Georgieva was speaking ahead of the publication of a new IMF statement on Thursday, which offers economic suggestions to eurozone nations.

One key message is that Europe must speed up progress on the single market, which ensures the free movement of goods, services, capital and people between single market nations.

“There are no tariffs within Europe, but it doesn’t mean there are no barriers in Europe, regulatory and otherwise,” Georgieva told Euronews.

The IMF estimates that barriers to free movement in the single market are equivalent to a 44% tariff on goods and a 110% tariff on services.

Georgieva noted that in the US, what is produced in one state is split 30-70, meaning 30% is consumed in that state and 70% is sent to other states. In Europe, on the other hand, 70% of production is consumed domestically while 30% is sent abroad. This is a set-up that limits growth by keeping markets smaller and less competitive.

“If Europe completes the single market, over 10 years, it would boost GDP by 3%,” said Georgieva.

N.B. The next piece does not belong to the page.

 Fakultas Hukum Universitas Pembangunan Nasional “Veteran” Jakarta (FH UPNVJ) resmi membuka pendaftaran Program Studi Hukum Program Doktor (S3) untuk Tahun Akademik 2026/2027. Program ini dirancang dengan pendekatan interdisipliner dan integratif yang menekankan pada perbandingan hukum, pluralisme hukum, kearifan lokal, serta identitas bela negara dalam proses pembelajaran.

Means to advance progress on this front include lowering regulatory fragmentation, supporting labour mobility, facilitating cross-border banking mergers, integrating the energy market, and making progress on the capital markets union (CMU) — said the IMF.

The CMU aims to allow investment and savings to flow seamlessly across member states. This would make it easier for businesses in one EU state to source funding from another EU state, supporting firms to grow and create jobs.

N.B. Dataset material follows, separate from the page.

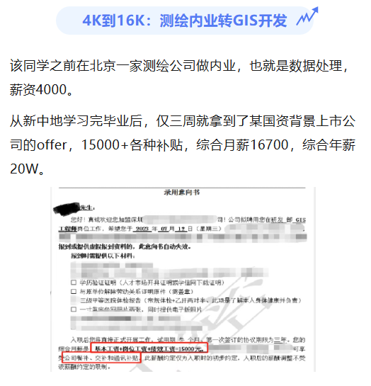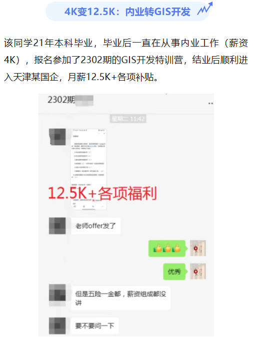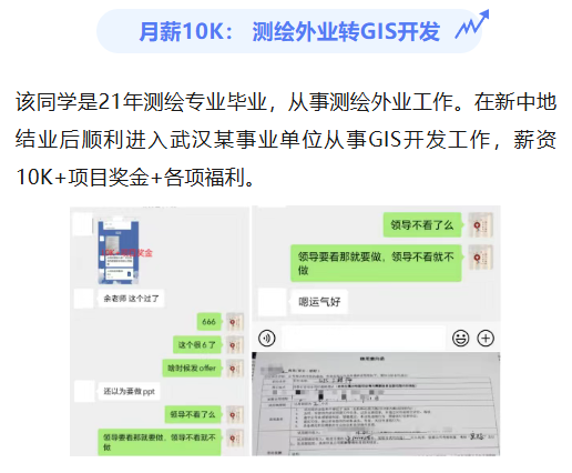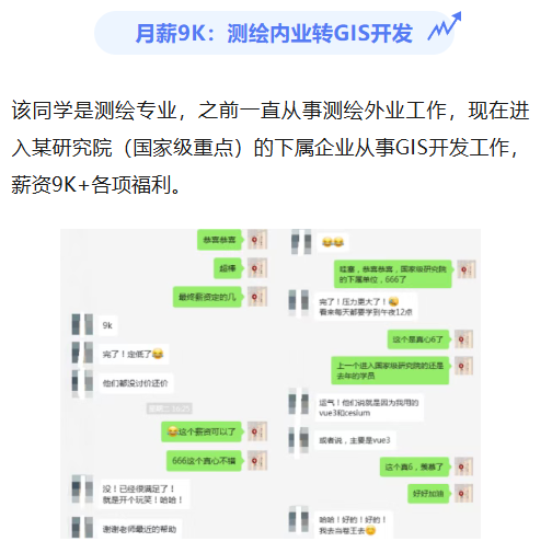 新中地每年有大量测绘转GIS开发的同学来学习,也有大量的转行成功案例:

In terms of deepening capital markets, the IMF’s statement added that the EU should “increase institutional investors’ familitary with venture capital as an asset class and address remaining undue restrictions on their ability to invest in it”.

Looking ahead, the IMF expects eurozone growth at a moderate 0.8% in 2025, picking up to 1.2% in 2026.

Trade and geopolitical tensions are expected to dampen sentiment and weigh on investment and consumption.

With regards to interest rates, the IMF argued that “a monetary policy stance close to neutral is justified” as headline inflation nears the ECB’s 2% target.

When balancing spending pressures with fiscal sustainability, the IMF recommended that countries with strong public finances support countries with less room for manoeuvre. 

“It is crucial that care be taken in implementing the EU fiscal rules to ensure that countries with low fiscal risks that intend to increase spending to boost potential growth and enhance resilience should not be constrained from doing so by the rules,” said Thursday’s statement.